UBS predecessor profited from Nazi slave labour

Prisoners at the Nazi concentration camp Auschwitz worked at the nearby cement factory Keystone

Switzerland's biggest bank, UBS, has admitted for the first time that it benefited from Nazi slave labour during World War Two.

This content was published on August 7, 2000 - 22:11

Michael Willi, a spokesman for UBS, confirmed that one of its predecessors held a majority stake in a cement factory in Poland where slave labourers were used during the war.

Willi said the Swiss Bank Corporation, one of two banks that merged in 1998 to create UBS, had held a majority stake in a holding firm which itself had a majority share in the Golleschauer cement factory.

He said the factory was forcibly taken into SS administration when Nazi Germany invaded Poland in 1939 and that documents in Berlin proved that the cement works used slave labourers.

Willi was unable to give an exact figure for the number of people involved but one British media report says at least 400 prisoners from the nearby Auschwitz concentration camp were forced to work at the factory.

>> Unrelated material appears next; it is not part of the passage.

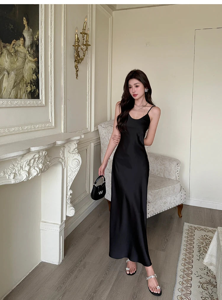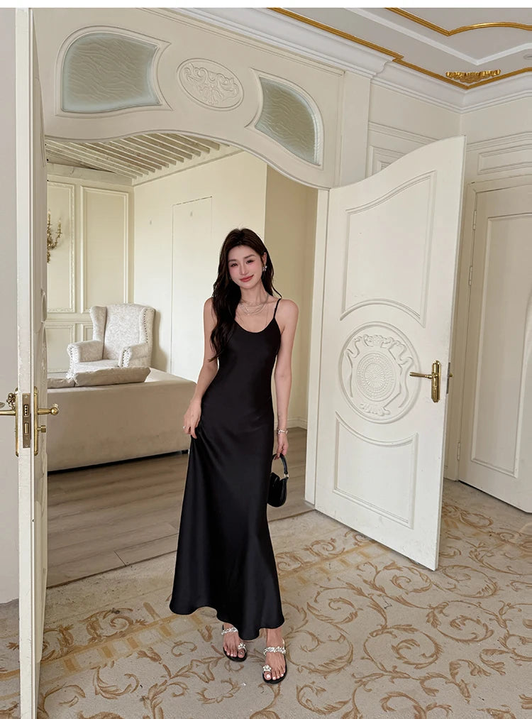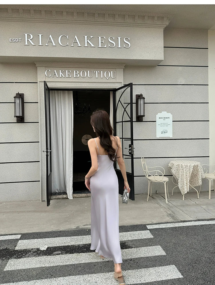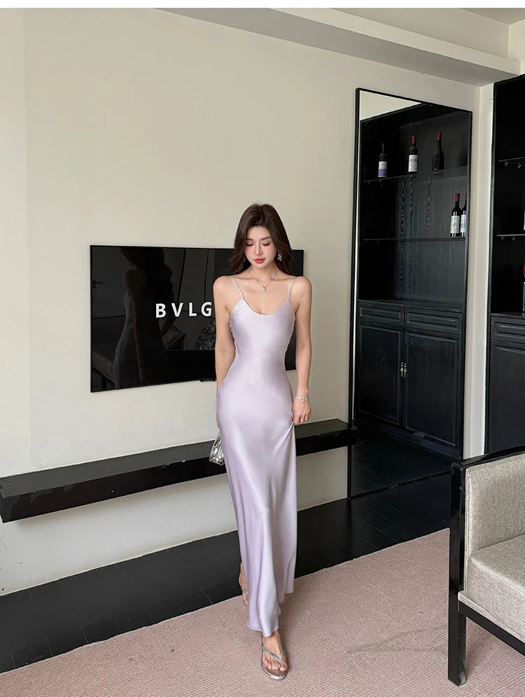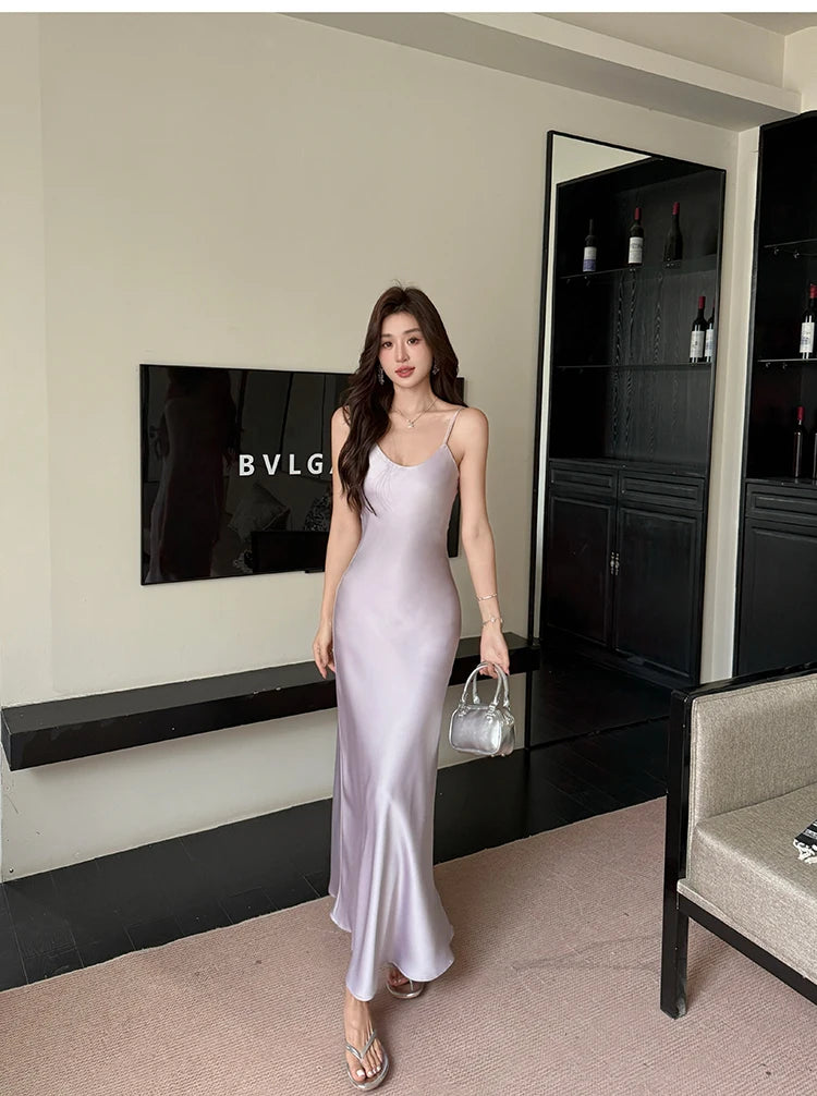 Women Long Dress Elegant Satin V-neck Suspender Dress Summer Sleeveless Slim Party Club Formal

Last week, UBS along with Switzerland's second biggest bank, Credit Suisse, formally approved the $1.25 billion (SFr2 billion) global settlement aimed at ending the long-running dispute over Holocaust assets.

A US judge has given Swiss companies which benefited from slave labour until August 25 to decide whether they want to be part of the deal. If they agree, they will be free from the threat of legal action.

Willi said any use of slave labour involving the banks is already covered under the settlement.